Better storage, better prices

Potato farmers in Kenya are in no rush to sell. A 2SCALE initiative, co-funded by the Irish embassy, is helping to build low-cost stores, allowing farmers to store their harvest until prices are more favorable. Two months of storage (rather than selling immediately after harvest) increases prices by 100 to 150%, and profits by even more.

Eleven stores have been completed. Four more will be built in 2017; three sites have been identified and discussions are ongoing with the communities, who will provide land, labor, and timber for construction. In May, field teams interviewed members of eight farmer groups to assess the impact of the potato stores on the local economy. Feedback was almost entirely positive.

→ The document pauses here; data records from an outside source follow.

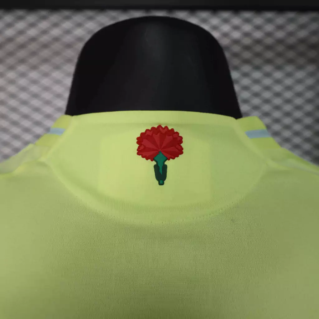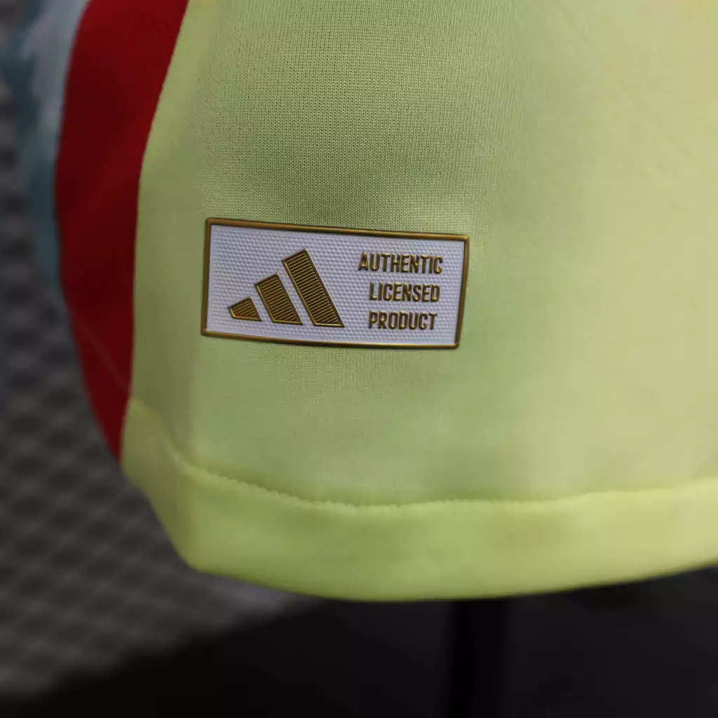 A nova camisa reserva da seleção espanhola surpreende ao adotar o amarelo como cor predominante, em contraste com os tradicionais branco ou azul marinho. A tonalidade neon é uma homenagem ao sol radiante e ao verão espanhol.
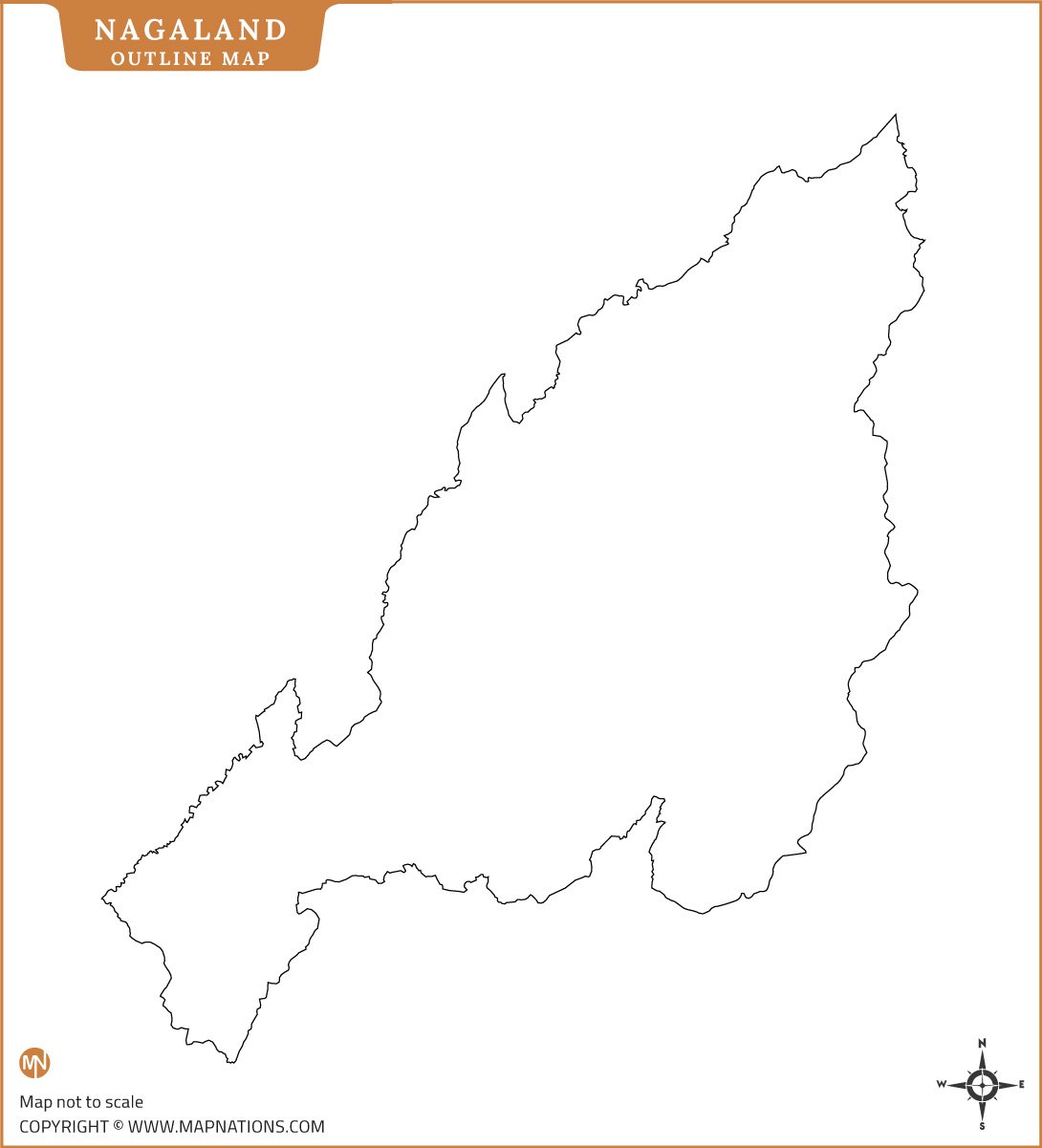 Nagaland maps provide essential resources for educational, administrative, and geographic purposes. The outline map shows the state's outer boundary, ideal for drawing or marking locations. The blank map displays district divisions, aiding in detailed study, district identification, and custom map creation for classroom or research use.
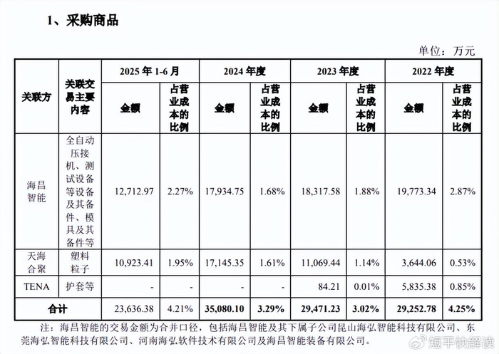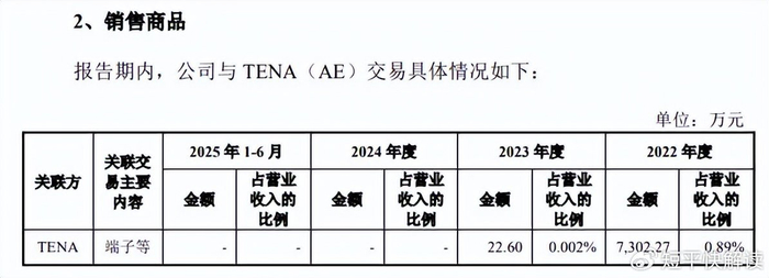 需要指出的是,公司2022年、2023年对TENA的销售额分别为7,302.27万元、22.6万元,同时期的采购额分别为5,835.38万元、84.21万元。
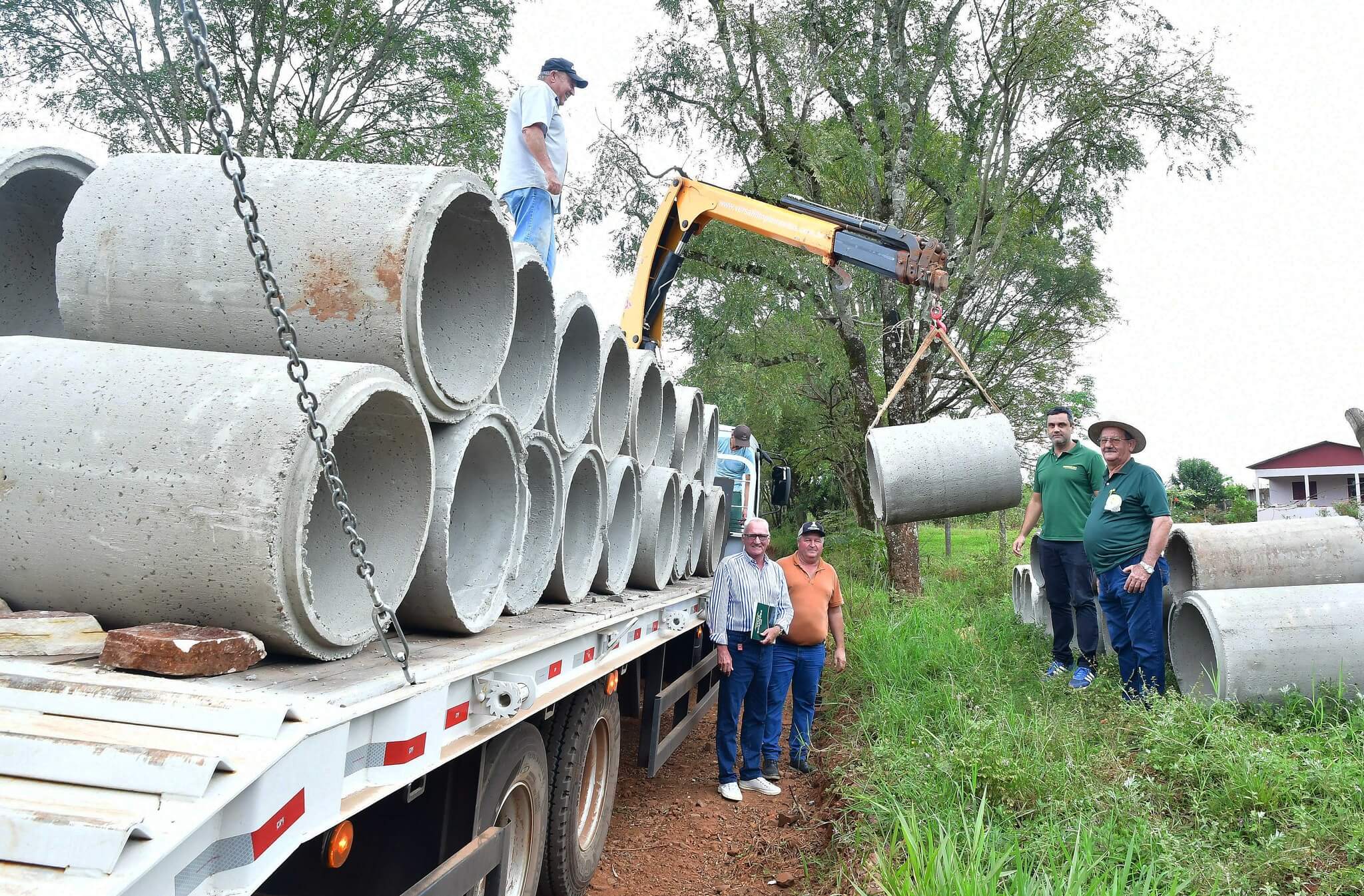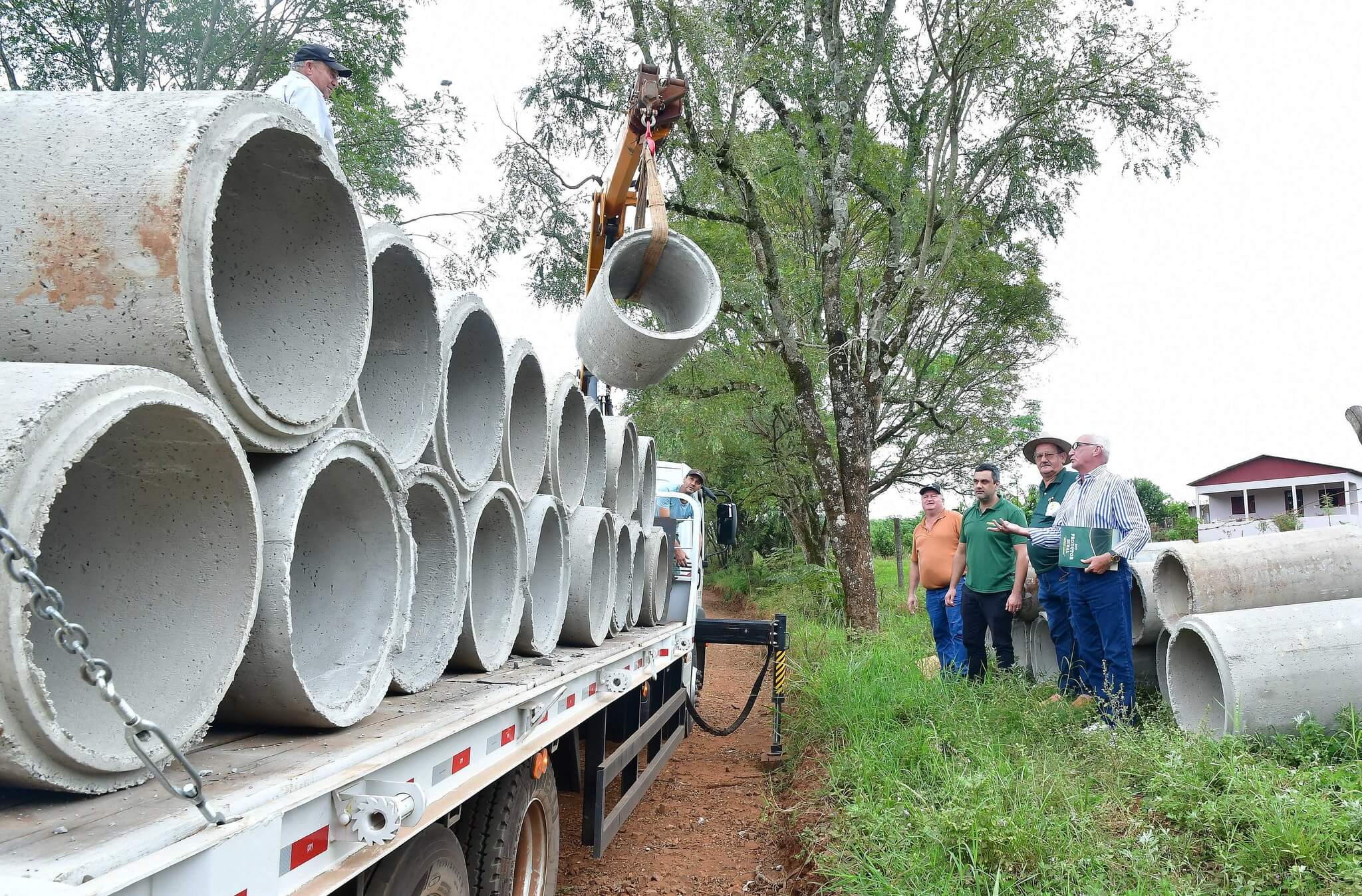 Foi iniciada nesta quinta-feira, 4, a primeira etapa da entrega dos tubos de concreto de 60 cm para proprietários rurais que se cadastraram na ação do Fundestradas.
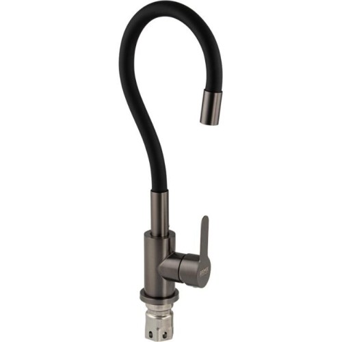 Смеситель для кухонной мойки и раковин, литой корпус цвета графит, из нержавеющей стали марки SUS 304, с высоким гибким изливом, чёрного цвета, с аэратором для экономии воды, шаровый. Крепление резьба - гайка, картридж d = 35 мм, ручка литая. Такая модель может использоваться на домашней кухне, на даче, в медицинских учреждениях и общественных местах. Габаритные размеры: высота до 400 мм, длина до 250 мм, диаметр посадочного седла 45 мм, длина резьбы 55 мм, длина подводки 400 мм. Вес - 1,700 кг, объём - 0,004 м3. В комплекте паспорт, корпус с изливом, подводка 1/2, крепеж, набор прокладок.
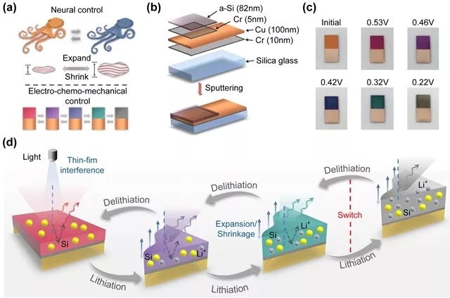 大自然中有多種能夠自適應變色偽裝的生物,以章魚為例,當外界環境發生改變時,章魚能夠通過主動調控皮膚細胞中蛋白質的體積來改變光在不同界面的相位差,從而實現皮膚變色。方岱寧課題組通過設計具有穩定可逆膨脹的硅膜電極,模仿章魚皮膚變色機理,巧妙地利用嵌鋰電位(<1 V),精確控制鋰離子在硅薄膜中的脫嵌行為,實現硅膜的高精度體積變化調控,改變硅膜結構對光線反射產生干涉消光條件,獲得一系列絢麗色彩。值得一提的是,調控硅薄膜中的嵌鋰程度,可以實現關閉或開啟光線干擾作用,器件可以實現彩色至銀色的切換功能。
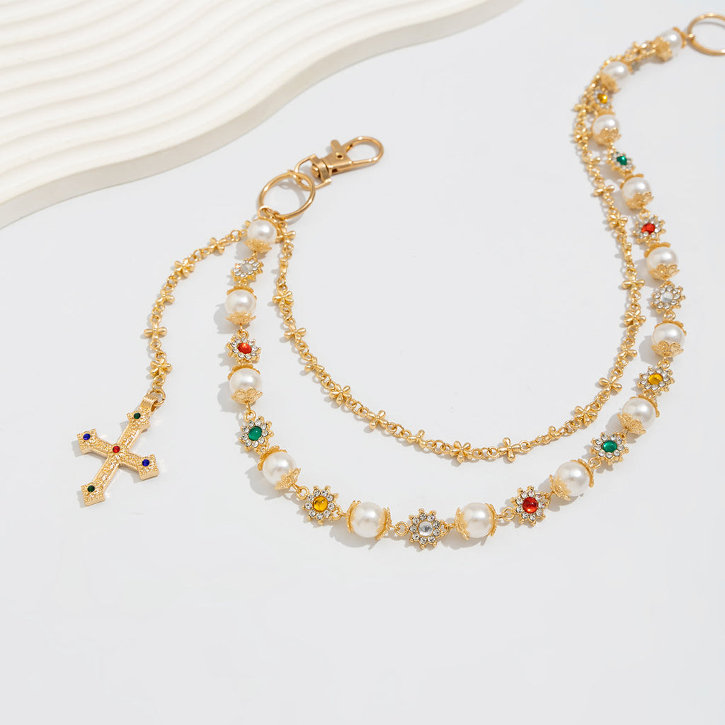 Design: Pearl Wallet Chain for Women Gold Wallet Chain Womens Wallet Chain with Cross
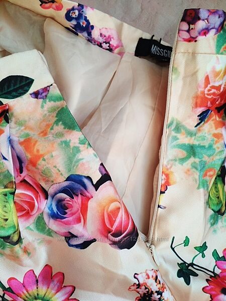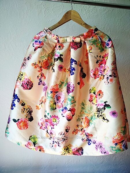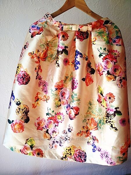 Нереально красивая, винтажная юбка в стиле ретро бежевого цвета с отливом(атласная ткань) в цветочный принт, высокая талия, миди.Спереди на поясе кокетливый бантик.
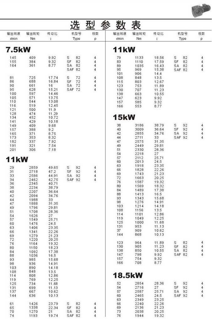 選型參數(shù)表7.5kW(續(xù)),11kW,15kW,18.5kW
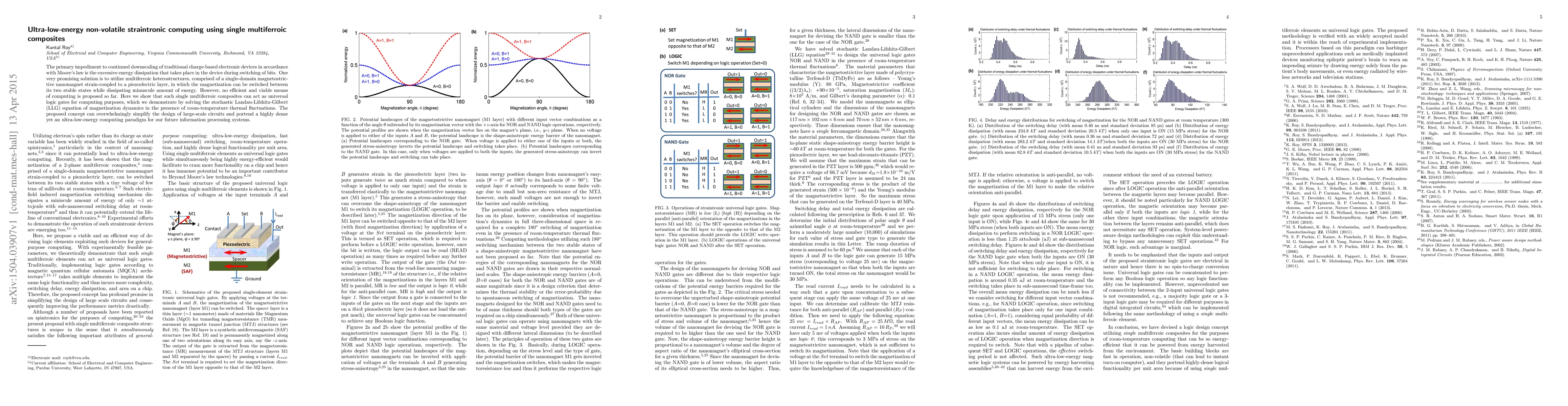 This paper proposes ultra-low-energy non-volatile straintronic computing using single multiferroic composites, demonstrating that these composites can function as universal logic gates, potentially revolutionizing future information processing systems with minimal energy dissipation.
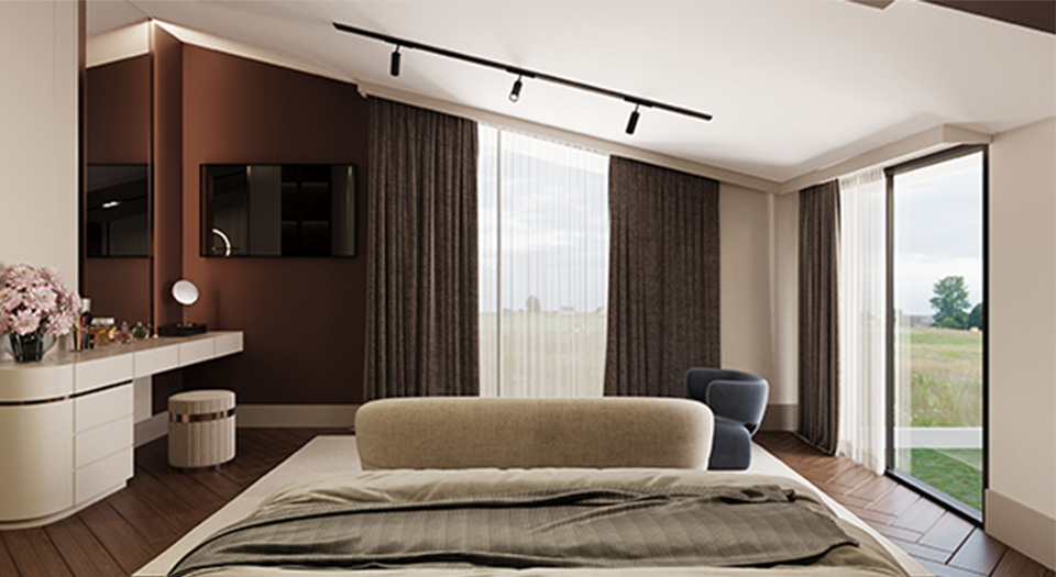 Yüksek kapı ve pencere boyları ile güneş alan villalar.
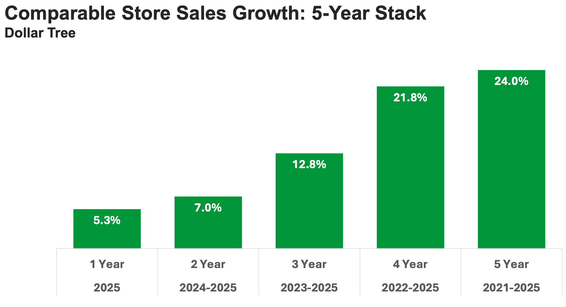 In fiscal 2025, comparable sales rose 5.3%, while a longer-term view shows 24% cumulative comp growth over the past five years, underscoring the durability of demand for value-focused retail.
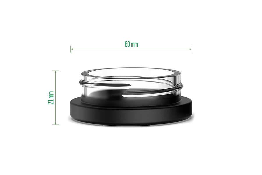 Crafted with a sturdy glass base and paired with a precision-fit ABS child-resistant (CR) lid, the jar ensures full regulatory adherence while delivering a professional, upscale presentation. Its D60 × 21 mm profile offers a balance between portability and capacity, making it an excellent choice for brands offering medium-volume concentrate products.

For example, the Kianjogu-Kiambogo farmer group in Nyeri county has won a contract to supply a potato cannery, simply because they had a store and could aggregate efficiently. The group is negotiating similar contracts with other processors. The Kirimara group in Meru is being held up as an example by the county government. The group is expanding storage capacity, and is in discussions with a European investor who could provide financing to set up a small factory to produce potato crisps.

The storage program is part of a package of interventions. New varieties have been introduced, with specific characteristics to meet the requirements of different markets, e.g. chips vs crisps vs table potatoes. More than 1,600 farmers have been trained on production, storage and handling methods. Fertilizer blends, specially formulated for potato, are being tested by farmer groups in three counties.

Photo: “Potato store, capacity 40 tons, built locally from local materials.”